♯298
吉浦の指摘を受けて何とか演奏を修正しつつ、波多野に合わせてコントラバスを弾く千鶴。
波多野の「仕掛け」に付いていく千鶴と変わっていく弦楽合奏のヴィヴァルディに、それを客席で聴いていた未乃梨は……?
再度始まったヴィヴァルディの「調和の霊感」第八番の合奏で、波多野は何か企んでいるかのような素振りでコントラバスを弾き始めた。
(仕掛ける、って……波多野さん、一体何をするつもりなんだろう?)
千鶴は意味ありげな波多野の言葉が気になりつつ、先ほど吉浦に言われたことを思い出しながら演奏についていく。
(音量を出し過ぎず、弓幅をタイトに……って、今、波多野さんもそうやって弾いてる?)
何かを思い付いている様子の波多野の弓の動きは、先ほどの合奏より少しばかり往復する幅が短めで、弓の毛をコントラバスの弦に当てる場所もやや右手の手元に近い。
(あんな風に弾けばいいってこと?)
千鶴が波多野の弓の動きを真似てみると、千鶴が弾くコントラバスの音は先ほどの合奏より引き締まって、小節の中の八分音符単位ビートが鮮明になっていく。

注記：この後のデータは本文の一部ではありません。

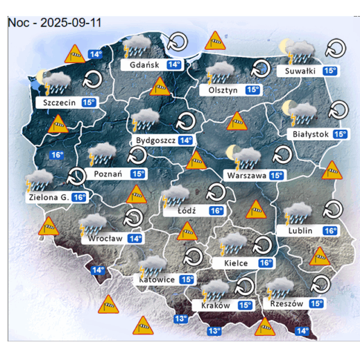 Natomiast w środę wieczorem oraz w czwartek w ciągu nocy i o poranku w całym naszym kraju oraz nad morzem i w górach nadal mogą rozwijać się silne mgły i zamglenia. W zamian tego pojawi się całkowite i duże zachmurzenie z przejaśnieniami, które przyniesie ze sobą przelotne oraz ciągłe opady deszczu o zmiennym i silnym natężeniu. Dodatkowo niewykluczone są też burze z opadami gradu. Temperatura powietrza wyniesie od +13°C do +16°C. Wiatr na ogół będzie słaby oraz umiarkowany i silny ze zmiennych kierunków z przewagą wiejący od południowego – wschodu oraz ze wschodu i z północy. Poza tym w porywach na Bałtyku i podczas burz będzie on dochodzić do 60-80 km/h. Ciśnienie atmosferyczne w kolejnych godzinach będzie spadać oraz o północy w Warszawie nad poziomem morza wskaże 1012 hPa.

波多野について行きながら弾く千鶴のコントラバスは、先ほどより軽快さを増し始めた。
吉浦は自分たちチェロパートの後ろで弾いている二人のコントラバスの奏者が立ち回りを少し変えてきたことに気付いた。チェロと同じフレーズを一オクターブ下で弾く低音が、引き締まってまとまった粒立ちでリズム浮き立たせる。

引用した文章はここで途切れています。